Longtime journalist and fiction writer Gary Indiana—his new novel, The Shanghai Gesture, sits in my to-be-read pile—uses his engaging if mind-zappingly Day-Glo blog to enthuse about Jane Bowles‘ 1943 novel, Two Serious Ladies, which he argues isn’t just a lost classic but indeed a “perfect book.” There are a couple of obvious reasons why the book seems to have fallen off the larger critical radar: Bowles’ career was overshadowed by that of her more famous husband, Paul, and its lesbian themes didn’t go over well with a World War II-era audience. Best as I can tell, the book is currently out of print in the U.S., though relatively affordable used copies are available (I’m considering this one, by virtue of its cover alone). (Update: Once again, a wise commenter corrects me, noting that the novel is included in My Sister’s Hand in Mine: The Collected Works of Jane Bowles.)

But if there were problems with bad timing then, there are no excuses now. Indiana writes:

The structure of Two Serious Ladies has, as far as I know, no direct precedent in literature. Neither the lives nor the happenings in the two women’s lives are at all intertwined, nor do they “alternate” the way novels rich in subplots do. The book simply, abruptly, abandons Christina Goering in mid-¬novel, so to speak, and jumps into the story of the Copperfields in Panama….
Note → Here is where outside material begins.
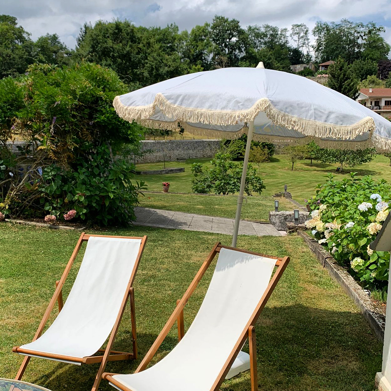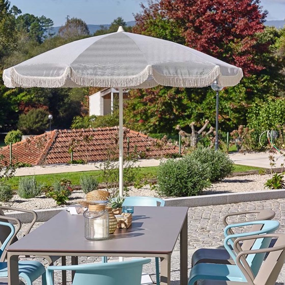 Sombrilla Parasol de terraza y jardin rayada con flecos

Jane Bowles devised a brilliantly original technique to splice two almost completely disconnected narratives into perfectly harmonious movements of the same story. Each mirrors the other in ways that are both logical and inexplicable. Two Serious Ladies captures the haphazardness of human connections in a world of transience. The two brief moments of contact between its subjects constitute the book’s sole concession to “plot.” It’s the finest novel ever written by an American, actually, the only one I’ve never repeatedly picked up without reading straight through to the end.

The book certainly struck Bowles’ husband. As Millicent Dillon writes in A Little Original Sin, her biography of Jane Bowles, “Two Serious Ladies had a profound influence on Paul when he read it. As he himself says, it was the generating force that brought him back to fiction. And there is, in fact, in The Sheltering Sky a curious resemblance to Two Serious Ladies…. [Both] are novels that deal with the same basic themes: choice, sin, sex, and the spirit.”